As of January 29, 2010, we recently produced a new release (1.1.3) of
DMTCP (Distributed MultiThreaded CheckPointing). Its web page is at
http://dmtcp.sourceforge.net/ . We (the developers of DMTCP) have
tried to carefully test this this version of DMTCP on OpenMPI 1.4.1,
and we believe it to be working well. We would welcome feedback from
any OpenMPI users who would care to test it on their own applications.
The DMTCP package provides an alternative solution for
checkpoint-restart of OpenMPI computations. Using it is as simple as:
dmtcp_checkpoint dmtcp_checkpoint mpirun ./hello_mpi
# Manually checkpoint from any other terminal
# Execute restart script, which invokes ckpt images that were generated.

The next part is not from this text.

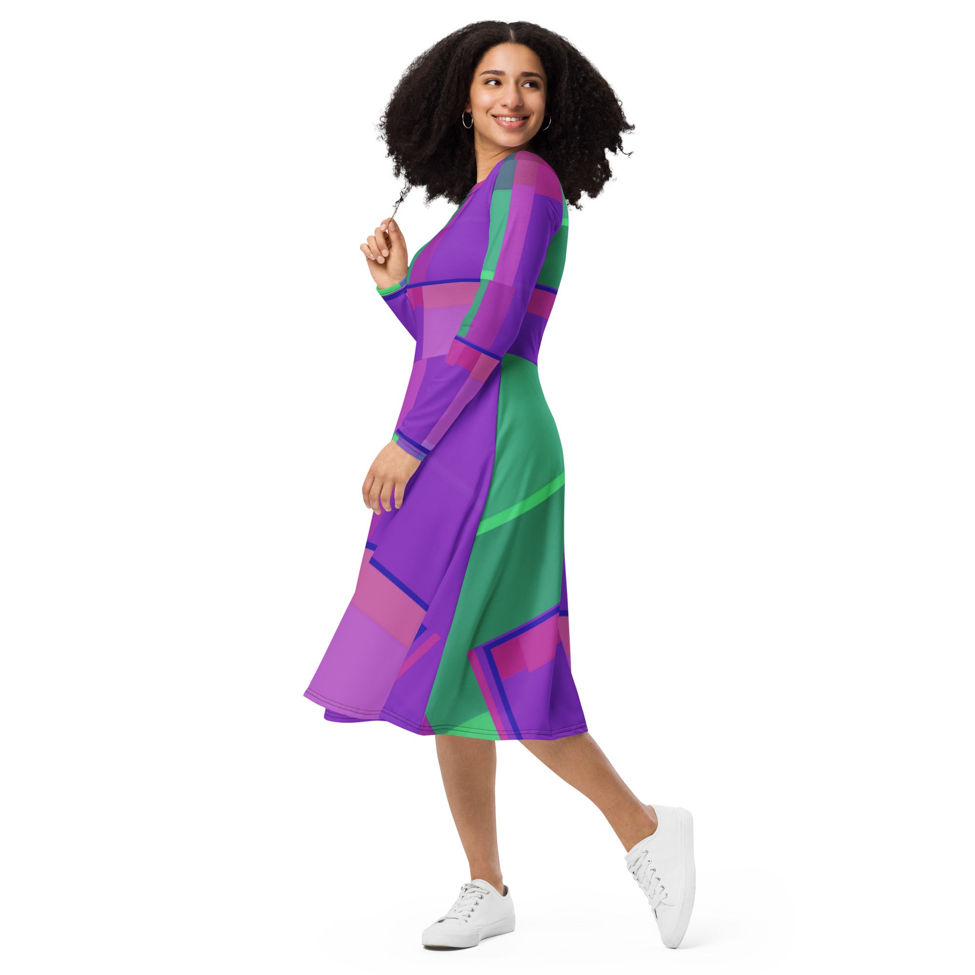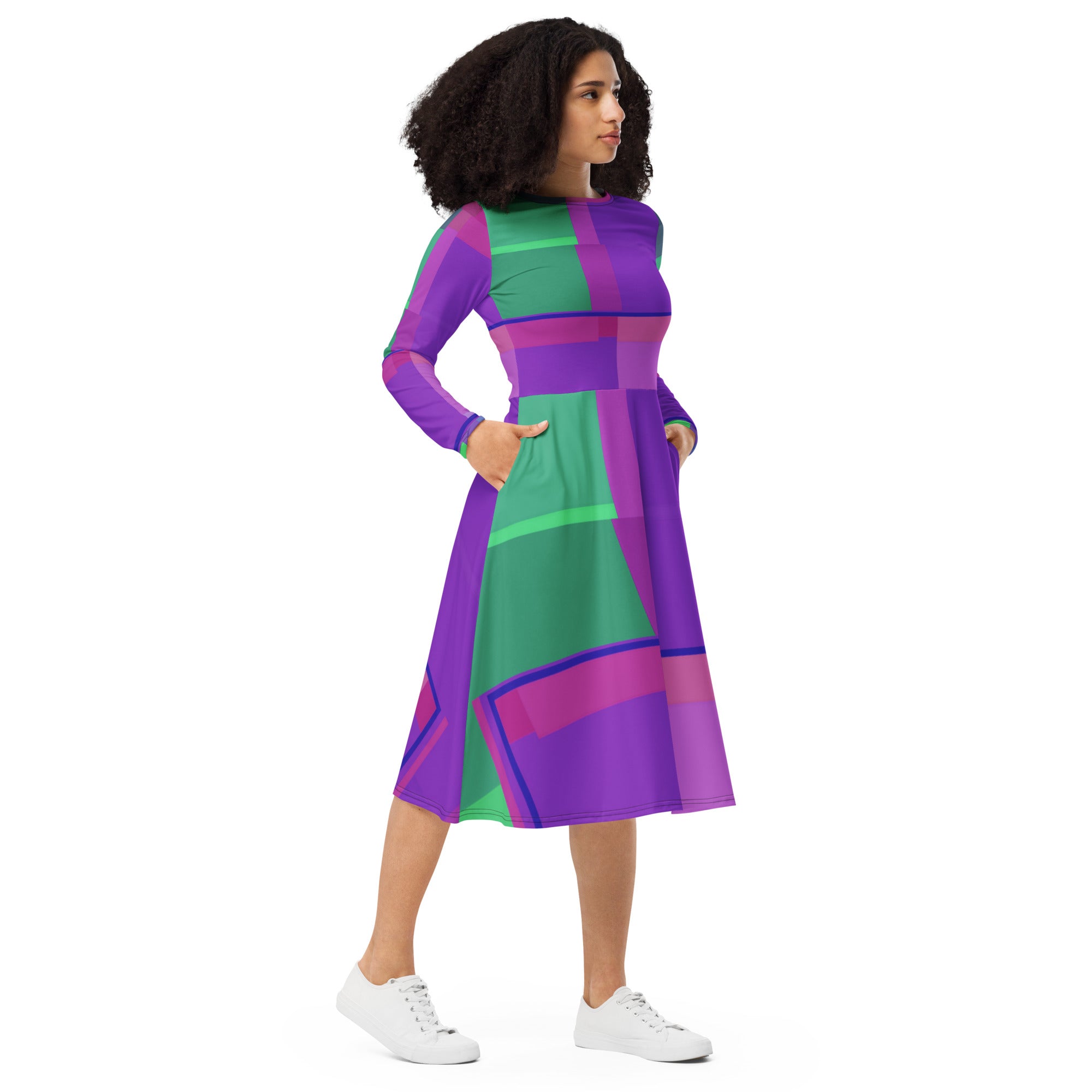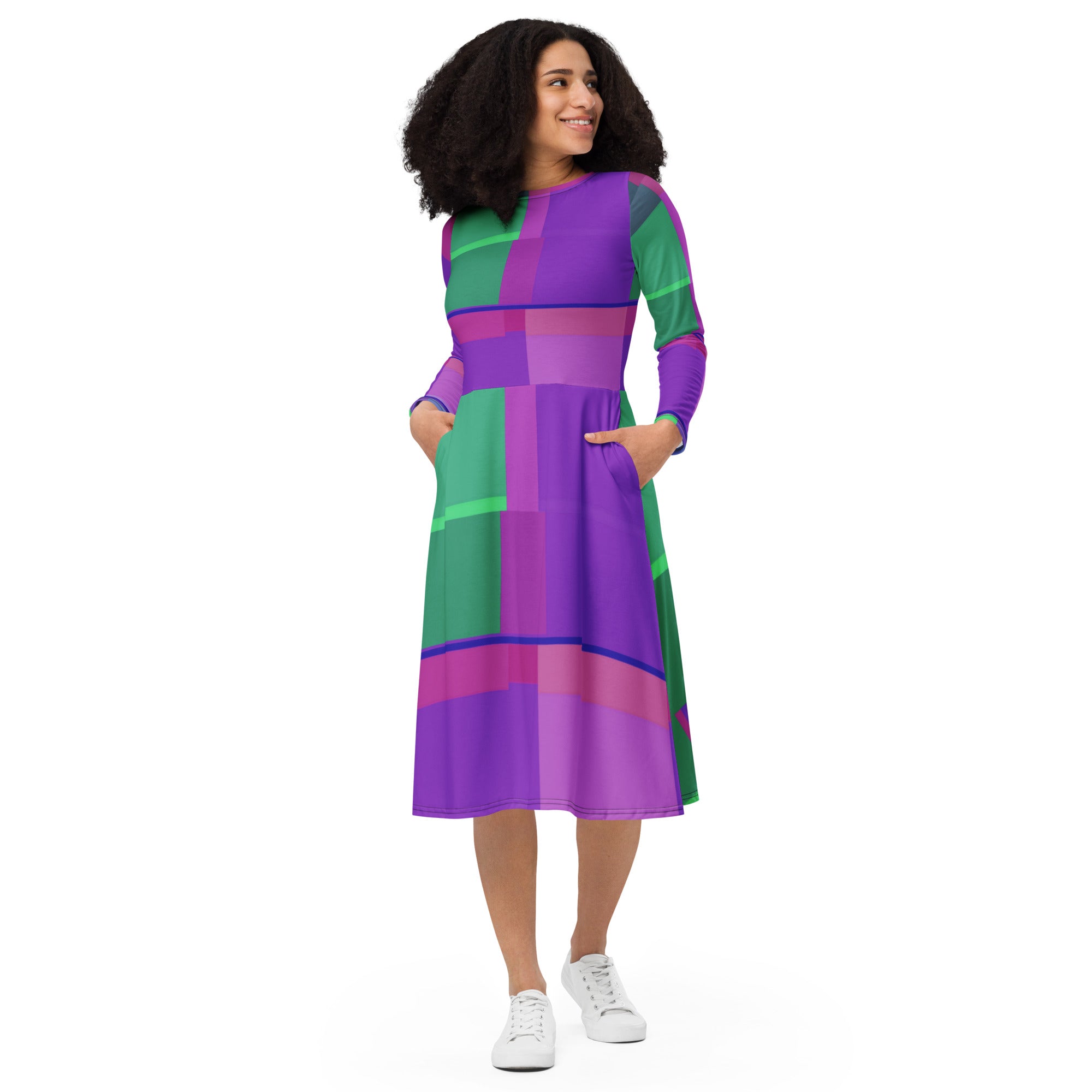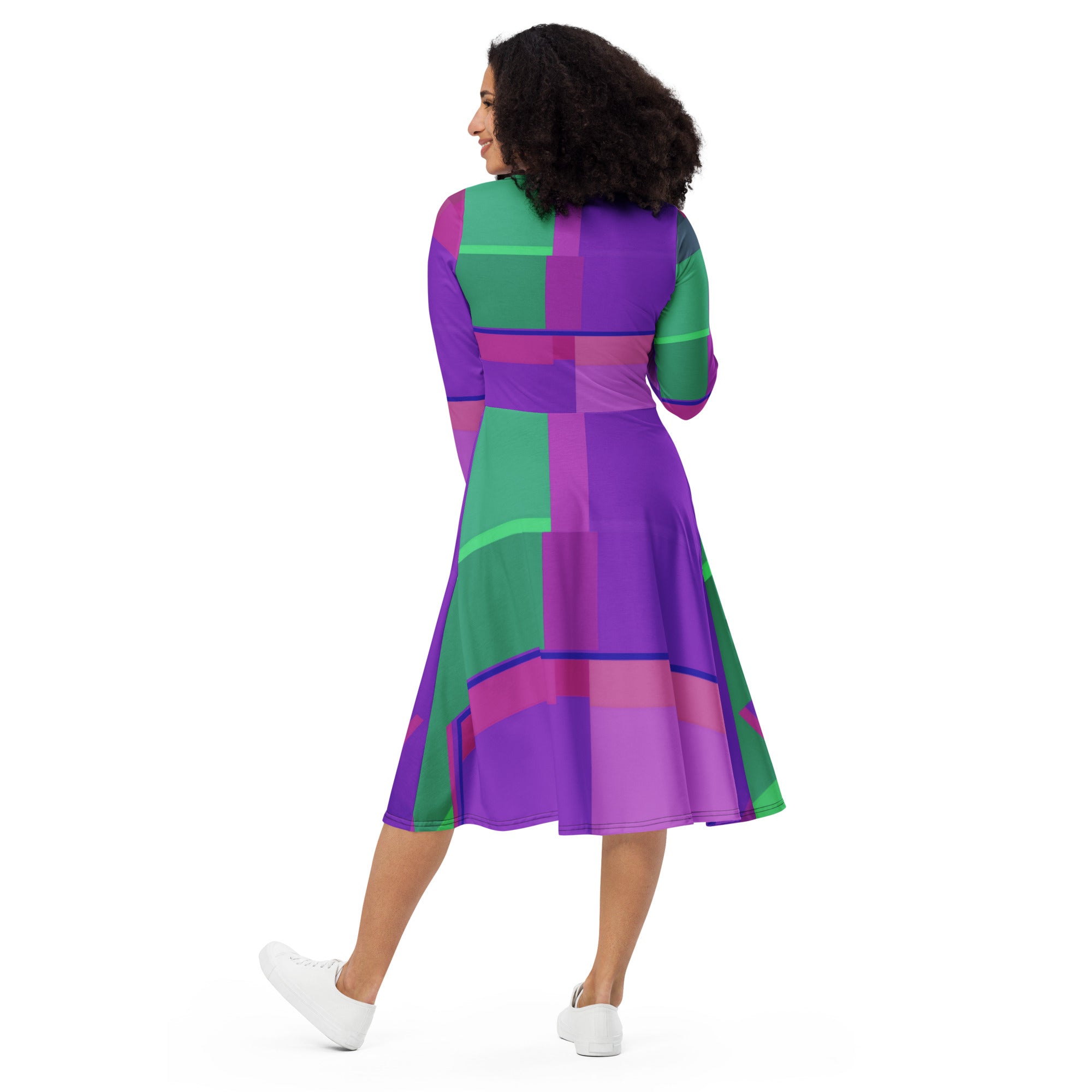 Meet your new favorite dress from the ARCANI MAGGIORI VERDE ROSA-Laila Lago & C. by I.A. line! Its soft fabric and flattering cut will make you feel comfortable and feminine all day long. Additionally, the fitted waist and flared bottom of the dress will accentuate the naturally beautiful silhouette of the wearer. Artistic print from this wonderful collection.This elegant dress represents the essence of modern femininity, where comfort and style meet in perfect harmony. The high-quality fabric gently wraps around the body, ensuring a soft sensation on the skin and freedom of movement that will accompany you throughout the day.The design, studied down to the smallest details, features a fitted waist that enhances the waistline, while the flared skirt creates fluid and graceful movement with every step. This timeless silhouette is perfect for highlighting the natural beauty of every woman, giving elegance and refinement on every occasion.The exclusive print from the Arcani Maggiori Verde Rosa collection transforms this garment into a wearable work of art, where green and pink tones blend in a unique pattern that captures the eye and tells a story of creativity and artistic passion.Perfect for an aperitif with friends, a romantic dinner, or a special event, this dress is the ideal companion for every woman who wants to feel special and irresistible, expressing her personality with class and originality.
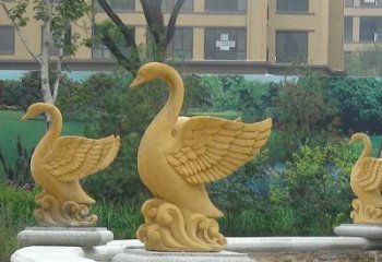 玻璃鋼仿銅天鵝噴水小區(qū)園林水池擺件是一款以玻璃鋼為主要材料,仿銅為外觀,噴水為功能,天鵝為圖案的小區(qū)園林水池擺件。

DMTCP works by creating a separate, stateless checkpoint coordinator,
independent of OpenMPI's orterun. All OpenMPI processes are then
checkpointed, including orterun. At restart time, a new DMTCP
checkpoint coordinator can be used. DMTCP is transparent and runs
entirely in user space. There is no modification to the MPI
application binary, nor to OpenMPI nor to the operating system kernel.
DMTCP also supports a dmtcpaware interface (application-initiated
checkpoints), and numerous other features. At this time, DMTCP
supports only the use of Ethernet (TCP/IP) and shared memory for
transport. We are looking at supporting the Infiniband transport layer
in the future.
Finally, a bit of history. DMTCP began with a goal of checkpointing
distributed desktop applications. We recognize thefine
checkpoint-restart solution that already exists in OpenMPI:
checkpoint-restart service on top of BLCR. We offer DMTCP as an
alternative for some unusual situations, such as when the end user
does not have privilege to add the BLCR kernel module. We are eager
to gain feedback from the OpenMPI community.